Requirement:
Each line below must be reproduced exactly.

Stored data:
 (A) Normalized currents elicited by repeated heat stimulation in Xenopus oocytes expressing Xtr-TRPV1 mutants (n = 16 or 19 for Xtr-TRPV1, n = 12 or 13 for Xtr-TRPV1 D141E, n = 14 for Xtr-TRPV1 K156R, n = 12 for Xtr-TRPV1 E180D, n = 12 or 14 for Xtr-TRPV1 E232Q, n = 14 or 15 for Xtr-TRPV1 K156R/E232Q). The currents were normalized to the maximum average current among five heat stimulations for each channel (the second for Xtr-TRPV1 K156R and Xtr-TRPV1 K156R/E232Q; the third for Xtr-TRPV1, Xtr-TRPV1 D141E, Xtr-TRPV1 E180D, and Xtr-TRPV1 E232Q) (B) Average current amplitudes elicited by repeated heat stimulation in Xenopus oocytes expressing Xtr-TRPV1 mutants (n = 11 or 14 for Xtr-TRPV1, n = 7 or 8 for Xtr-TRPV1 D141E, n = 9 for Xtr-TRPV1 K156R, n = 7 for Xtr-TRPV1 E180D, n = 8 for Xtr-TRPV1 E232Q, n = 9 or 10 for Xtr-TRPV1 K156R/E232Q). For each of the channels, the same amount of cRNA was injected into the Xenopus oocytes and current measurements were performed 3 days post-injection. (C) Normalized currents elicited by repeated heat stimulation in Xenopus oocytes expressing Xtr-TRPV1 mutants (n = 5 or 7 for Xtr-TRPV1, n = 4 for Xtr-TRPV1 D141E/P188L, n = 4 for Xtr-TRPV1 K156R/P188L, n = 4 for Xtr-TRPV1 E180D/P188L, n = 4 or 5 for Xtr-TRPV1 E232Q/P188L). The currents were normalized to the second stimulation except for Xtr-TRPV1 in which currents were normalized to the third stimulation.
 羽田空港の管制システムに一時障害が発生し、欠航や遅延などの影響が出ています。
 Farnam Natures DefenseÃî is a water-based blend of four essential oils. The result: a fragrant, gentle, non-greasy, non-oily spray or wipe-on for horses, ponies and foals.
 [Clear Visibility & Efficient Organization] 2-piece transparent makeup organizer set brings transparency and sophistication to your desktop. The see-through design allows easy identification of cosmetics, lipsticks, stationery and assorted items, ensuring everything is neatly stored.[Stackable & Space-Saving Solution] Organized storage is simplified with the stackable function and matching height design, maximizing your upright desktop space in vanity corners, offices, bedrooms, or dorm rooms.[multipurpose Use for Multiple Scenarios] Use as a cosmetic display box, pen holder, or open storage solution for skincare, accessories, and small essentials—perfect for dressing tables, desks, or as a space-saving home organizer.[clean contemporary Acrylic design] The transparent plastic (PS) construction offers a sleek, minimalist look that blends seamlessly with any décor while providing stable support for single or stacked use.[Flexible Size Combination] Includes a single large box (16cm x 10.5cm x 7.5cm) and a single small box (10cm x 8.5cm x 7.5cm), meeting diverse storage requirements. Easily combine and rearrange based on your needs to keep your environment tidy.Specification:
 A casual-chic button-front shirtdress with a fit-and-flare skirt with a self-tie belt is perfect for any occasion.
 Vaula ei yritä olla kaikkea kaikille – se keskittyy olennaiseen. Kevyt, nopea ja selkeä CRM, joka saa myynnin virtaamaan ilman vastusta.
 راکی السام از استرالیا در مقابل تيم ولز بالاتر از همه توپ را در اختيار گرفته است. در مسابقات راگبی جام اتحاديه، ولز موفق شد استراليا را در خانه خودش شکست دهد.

Response box:
 (A) Normalized currents elicited by repeated heat stimulation in Xenopus oocytes expressing Xtr-TRPV1 mutants (n = 16 or 19 for Xtr-TRPV1, n = 12 or 13 for Xtr-TRPV1 D141E, n = 14 for Xtr-TRPV1 K156R, n = 12 for Xtr-TRPV1 E180D, n = 12 or 14 for Xtr-TRPV1 E232Q, n = 14 or 15 for Xtr-TRPV1 K156R/E232Q). The currents were normalized to the maximum average current among five heat stimulations for each channel (the second for Xtr-TRPV1 K156R and Xtr-TRPV1 K156R/E232Q; the third for Xtr-TRPV1, Xtr-TRPV1 D141E, Xtr-TRPV1 E180D, and Xtr-TRPV1 E232Q) (B) Average current amplitudes elicited by repeated heat stimulation in Xenopus oocytes expressing Xtr-TRPV1 mutants (n = 11 or 14 for Xtr-TRPV1, n = 7 or 8 for Xtr-TRPV1 D141E, n = 9 for Xtr-TRPV1 K156R, n = 7 for Xtr-TRPV1 E180D, n = 8 for Xtr-TRPV1 E232Q, n = 9 or 10 for Xtr-TRPV1 K156R/E232Q). For each of the channels, the same amount of cRNA was injected into the Xenopus oocytes and current measurements were performed 3 days post-injection. (C) Normalized currents elicited by repeated heat stimulation in Xenopus oocytes expressing Xtr-TRPV1 mutants (n = 5 or 7 for Xtr-TRPV1, n = 4 for Xtr-TRPV1 D141E/P188L, n = 4 for Xtr-TRPV1 K156R/P188L, n = 4 for Xtr-TRPV1 E180D/P188L, n = 4 or 5 for Xtr-TRPV1 E232Q/P188L). The currents were normalized to the second stimulation except for Xtr-TRPV1 in which currents were normalized to the third stimulation.
 羽田空港の管制システムに一時障害が発生し、欠航や遅延などの影響が出ています。
 Farnam Natures DefenseÃî is a water-based blend of four essential oils. The result: a fragrant, gentle, non-greasy, non-oily spray or wipe-on for horses, ponies and foals.
 [Clear Visibility & Efficient Organization] 2-piece transparent makeup organizer set brings transparency and sophistication to your desktop. The see-through design allows easy identification of cosmetics, lipsticks, stationery and assorted items, ensuring everything is neatly stored.[Stackable & Space-Saving Solution] Organized storage is simplified with the stackable function and matching height design, maximizing your upright desktop space in vanity corners, offices, bedrooms, or dorm rooms.[multipurpose Use for Multiple Scenarios] Use as a cosmetic display box, pen holder, or open storage solution for skincare, accessories, and small essentials—perfect for dressing tables, desks, or as a space-saving home organizer.[clean contemporary Acrylic design] The transparent plastic (PS) construction offers a sleek, minimalist look that blends seamlessly with any décor while providing stable support for single or stacked use.[Flexible Size Combination] Includes a single large box (16cm x 10.5cm x 7.5cm) and a single small box (10cm x 8.5cm x 7.5cm), meeting diverse storage requirements. Easily combine and rearrange based on your needs to keep your environment tidy.Specification:
 A casual-chic button-front shirtdress with a fit-and-flare skirt with a self-tie belt is perfect for any occasion.
 Vaula ei yritä olla kaikkea kaikille – se keskittyy olennaiseen. Kevyt, nopea ja selkeä CRM, joka saa myynnin virtaamaan ilman vastusta.
 راکی السام از استرالیا در مقابل تيم ولز بالاتر از همه توپ را در اختيار گرفته است. در مسابقات راگبی جام اتحاديه، ولز موفق شد استراليا را در خانه خودش شکست دهد.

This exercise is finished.